CLL Treatments: ASH 2022 Brian Koffman Understanding Pts with CLL
By Brian Koffman, MDCM (retired), DCFP, FCFP, DABFP, MSEd
How will understanding patients with chronic lymphocytic leukemia (CLL) help with their treatments? First, I want to say I’m very thankful to have the opportunity to present this study on behalf of my co-investigators. We presented this as a poster presentation at ASH 2022 in New Orleans. The title is “Understanding Patient Preferences for Chronic Lymphocytic Leukemia Treatments.” In the way of background, I think all clinicians know how radically the treatment paradigm in CLL (chronic lymphocytic leukemia) has shifted over the last 8 to 10 years where chemo immunotherapy was the standard of care. But now we have several excellent targeted therapy options for patients to consider in every line of therapy.
But these vary in terms of how they’re given, what the adverse events are, their efficacy, the convenience of. So understanding what’s important to patients is what motivated us to do this clinical trial. It was a web-based discreet choice experiment survey, and it was developed for CLL (chronic lymphocytic leukemia) patients and the respondents were recruited by the CLL Society, which is a nonprofit dedicated to the unmet needs of the CLL community, mostly patients and caregivers, where I serve as the Chief medical Officer and executive vice president. Respondents answered 12 DCE questions, discrete choice questions concerning small lymphocytic leukemia. And for those unfamiliar with this methodology, each question offers a choice between two hypotheticals.

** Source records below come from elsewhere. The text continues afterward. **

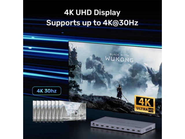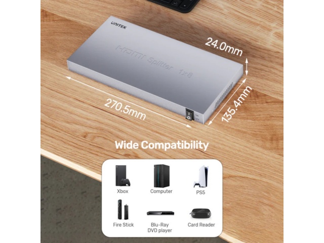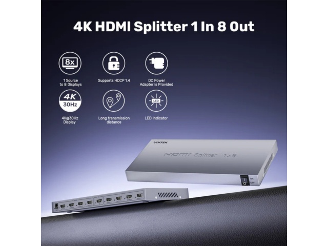 El splitter Unitek 4K permite multiplicar una entrada HDMI en 8 salidas idénticas sin perder calidad de imagen y audio.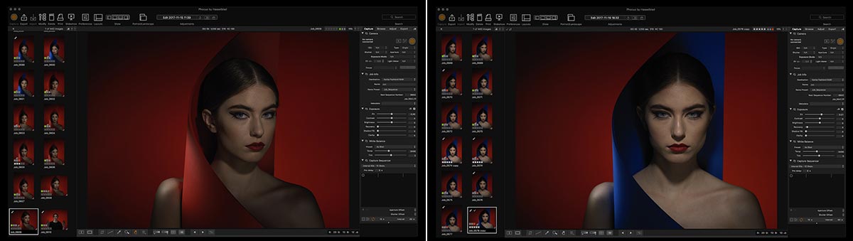 Once I reached a point with my lighting where I was happy, I switched out the blue accessory for the red one, to see if I preferred it. Although it too gave a striking result, I preferred with vibrant contrast of the red and blue.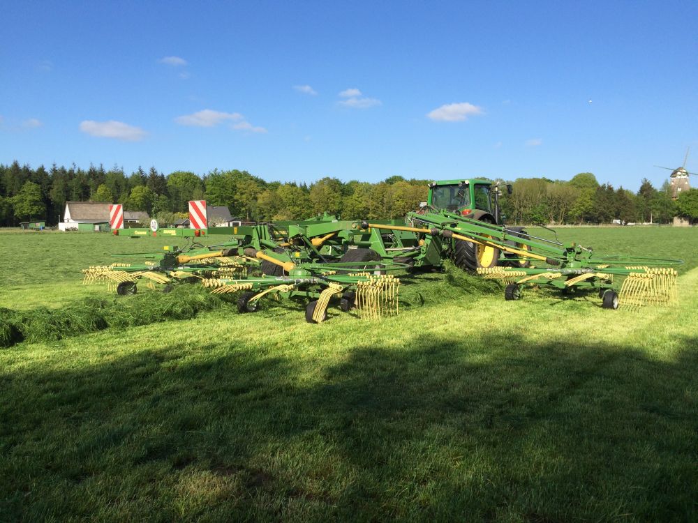 Each rotor carries 13 tine arms for even cleaner work and features the impressive Krone Jet Effect, which raises the leading end of the rotor first, preventing the tines from scratching the ground during lift-out and lowering. This is feasible thanks to the rotors’ cardanic suspension which shifts the centre of gravity.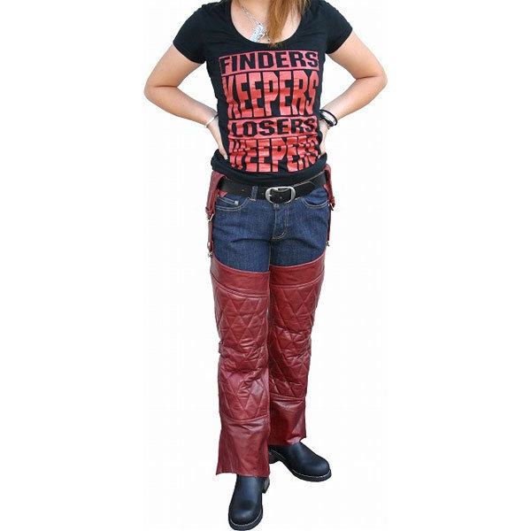 【HEAVY】(XLサイズ) レザーハングチャップス ダイヤモンドパッド レッド ガーターチャップス HUNG CHAPS[HCG-02] 收藏

These were treatment profile, that were created with an experimental design and there were seven attributes of various levels. And this allowed us to analyze at what level was important to the patient. Where did patients make that shift? What was the tipping point in terms of what was important to them in choosing therapy (Eg. targeted therapy).
And one that we looked at was achieving a progression-free survival PFS at 2 years. What were your odds? Treatments resulting in a measurable residual disease. Was that important to measure at the end or was routine testing enough? What about the frequency of administrations? Were these BID medications or daily medications?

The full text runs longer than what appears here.